Whitsunday Miners F.C.
- Full name: Whitsunday Miners Football Club
- Nickname: Miners
- Founded: 2008
- Ground: Stadium Mackay
- Capacity: 12,200
- Owner: Bernadette Moloney
- Chairman: Unknown
- Senior Men's Manager: Graham Harvey
- League: Queensland State League
- QSL 2011: 3rd

= Whitsunday Miners FC =

Whitsunday Miners Football Club were an Australian association football club based in Mackay, Queensland.
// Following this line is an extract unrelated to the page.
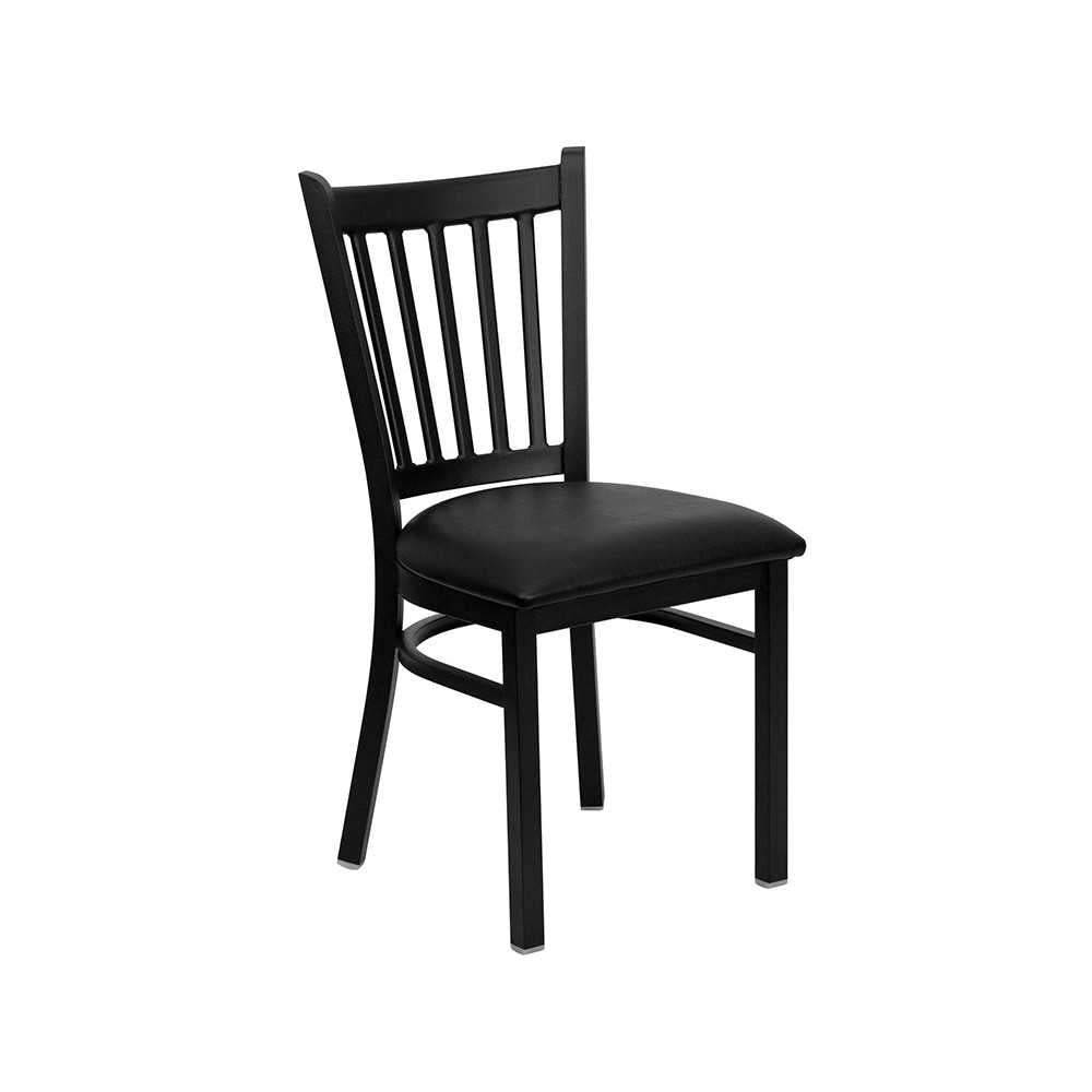 Black Vertical Back Metal Restaurant Chair - Black Vinyl Seat

They played in the Queensland State League and were founded in 2008.

==History==
Since being founded in 2008, the Whitsunday Miners have played in the Queensland State League, although success hasn't been strong for them, having two shaky seasons since their foundation. In the 2008 QSL competition, The Miners finished 9th out of 10 teams, finishing one point behind Logan United and just above Bundaberg Spirit. In the 2009 season they once more failed to make an impact on a longer season, finishing 10th out of 11, with Bundaberg Spirit finishing below them once more.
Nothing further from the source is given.